▶ Data shown
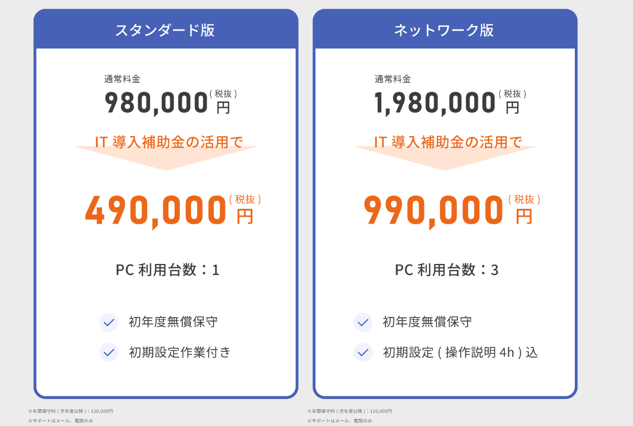 初期導入費用:要見積/年間保守費:120,000円(税込)/オプション例:マスタ登録支援20万円、帳票拡張機能1台15万円、遠隔サポート年額12万円 ほか
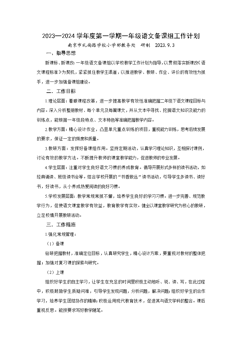 下一篇:2023—2024学年度第一学期一年级数学备课组工作计划
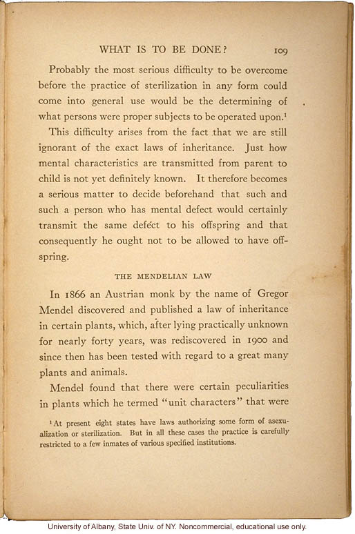 1477. What is to Done? 109 Probably the most serious difficulty to be overcome before the practice of sterilization in any form could come into general use would be the determining of what persons were proper subjects to be operated upon.[superior 1] This difficulty arises from the fact that we are still ignorant of the exact laws of inheritance. Just how mental characteristics are transmitted from parent to child is not yet definitely known. It therefore becomes a serious matter to decide beforehand that such and such a person who has a mental defect would certainly transmit the same defect to his offspring and that consequently he ought not to be allowed to have offspring. The Mendelian Law In 1866 an Austrian monk by the name of Gregor Mendel discovered and published a law of inheritance in certain plants, which after lying practically unknown for nearly forty years, was rediscovered in 1900 and since then has been tested with regard to a great many plants and animals. Mendel found that there were certain peculiarities in plants which he termed "unit characters" that were [begin footnote][superior 1] At present eight states have laws authorizing some form of asexualization or sterilization. But in all these cases the practice is carefully restricted to a few inmates of various specified institutions. [end]

▶ Problem requirements
Retype nothing except the lines from the first line of the listing above through the line with "下一篇:2023—2024学年度第一学期一年级数学备课组工作计划", exactly as they stand, and no pictures.

▶ Solution for this problem
 初期導入費用:要見積/年間保守費:120,000円(税込)/オプション例:マスタ登録支援20万円、帳票拡張機能1台15万円、遠隔サポート年額12万円 ほか
 下一篇:2023—2024学年度第一学期一年级数学备课组工作计划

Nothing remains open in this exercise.